With one out in the 7th, Seth Maness walked Miguel Montero — who was pinch-hitting for Teagarden — and then allowed a hit to Jon Herrera, of all people. Next up was the slumping Addison Russell, who fired a cue shot down the first base line on an excuse-me swing that even he didn’t think would result in anything of note.
But the first base umpire called the ball fair and it scooted into the bullpen, allowing Montero to come around to score. Maness was livid about the call and was actually ejected for arguing the call, despite his poor viewing angle of it. To be fair though, these calls never go against the Cardinals, so he had a valid beef.
Then Dexter Fowler hit a come-backer to new pitcher Kevin Siegrist who turned and fired to second to initiate a double play and…airmailed the ball into center field? Well, I’ll be ducked. This may have been the most un-Cardinal-like series I’ve ever witnessed.

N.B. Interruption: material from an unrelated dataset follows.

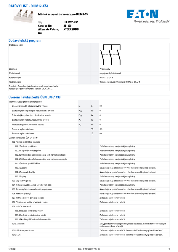 Mostek punktu gwiazdowego Eaton DILM12-XS1 1 szt.

Maness may have been thrown out the right way, but the errors and mental lapses were not the least bit classy.
The Cubs would go on to add another tally on an Anthony Rizzo sac fly and then tacked on an insurance run that would prove to be pretty important when Starlin Castro showed some sac of his own in the 8th. But about those extra runs.
Jason “They Are Not My Cardinals” Motte, who was pressed into service in the first half of the double-header entered the game in the 9th to close things out and promptly gave up back-to-back singles to Randall Grichuk and Peter Bourjos to open the frame. After a Pete Kozma flyout, Motte gave up an RBI single to Tony Cruz.

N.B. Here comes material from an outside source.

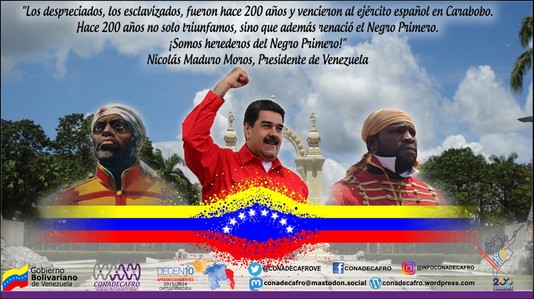 #RumboAlBicentenario. "Los despreciados, los esclavizados, fueron hace 200 años y vencieron al ejército español en Carabobo. Hace 200 años no solo triunfamos, sino que además renació el Negro Primero. ¡Somos herederos del Negro Primero!"

Then, with Matt Carpenter representing the winning run at the plate, the bearded back-end bullpen beast rared back and fired a 95 mph heater that was popped harmlessly to Kris Bryant in foul territory. On the next pitch, he dialed it up a nothc and fired anohter fastball to Peralta, this one a 96 mph bullet that sawed the All-Star’s bat in two and resulted in a force at second.
It always feels good to beat the Cardinals, but this one felt especially so. After being embarrassed on the road a couple weeks ago and dropping the series opener in inglorious fashion, the Cubs were able to pull off a twin killing in a twin bill. Somewhere Ernie Banks is smiling. Well, he was always smiling, but I imagine it’s a little brighter tonight.

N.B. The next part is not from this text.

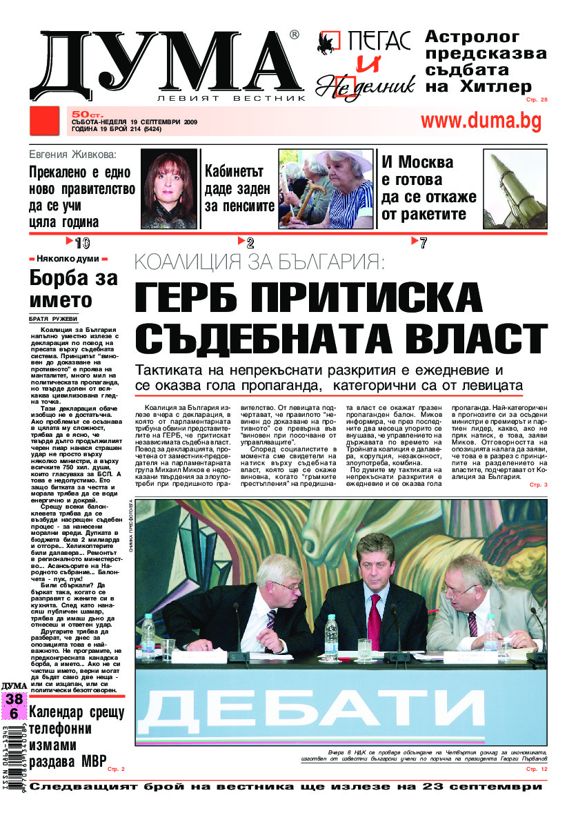 АБОНАМЕНТ за вестник „ДУМА“ за 2026 година. Можете да се абонирате в: „Български пощи“ АД до 15 декември 2025 г., „Доби прес“ ЕООД до 28 декември 2025 г., в редакцията на вестника до 20 декември 2025 г. Каталожен номер 6. Цени: 12 месеца - 149 € / 291,42 лв., 6 месеца - 75 € / 146,69 лв., 3 месеца - 40 € / 78,23 лв., 1 месец - 14 € / 27,38 лв. За повече информация тел. 02 9705 203 и 02 9705 216 отдел „Разпространение” на в-к ДУМА на ул. „Позитано” 20 А. E-mail: abonament@duma.bg АБОНАМЕНТ за вестник „ДУМА“ за 2026 година. Можете да се абонирате в: „Български пощи“ АД до 15 декември 2025 г., „Доби прес“ ЕООД до 28 декември 2025 г., в редакцията на вестника до 20 декември 2025 г. Каталожен номер 6. Цени: 12 месеца - 149 € / 291,42 лв., 6 месеца - 75 € / 146,69 лв., 3 месеца - 40 € / 78,23 лв., 1 месец - 14 € / 27,38 лв. За повече информация тел. 02 9705 203 и 02 9705 216 отдел „Разпространение” на в-к ДУМА на ул. „Позитано” 20 А. E-mail: abonament@duma.bg

I’m not about moral victories, but the wins today guarantee a series split and it feels as though the Cubs are playing with house money to a certain extent. While there’s still a lot of baseball to play, they needed to prove that they could beat the Cardinals. Watching today’s game was like seeing Rocky battle Ivan Drago in Russia; the Cubs proved that the Cardinals are, in fact, human.
If this young team can take 3 of the next 4 games heading into the break, it’ll give them a huge boost heading into the break. Think about it: the Cubs could finish the first half at 11 games over before finishing up July with a very light schedule. Objects in the rearview mirror may appear closer than they are, but that 5-game skid is already out of sight.
That’s the beauty of a manager who doesn’t allow the pressure to exceed the pleasure and a group of young players that doesn’t know better than to fall victim to the Cubs swoons we’re all waiting for. These guys may not even know what they don’t know and that’s a good thing sometimes.
I’m not sure if he was able to save anyone 15 percent or more on their car insurance, but that little duck sure seemed to be a good omen for the Cubs tonight. Have I mentioned how good it felt to see the tables turned on the Cardinals? Oh well, I don’t think you mind hearing it more than once.
Now it’s time to give St. Louis the bird in Game 4.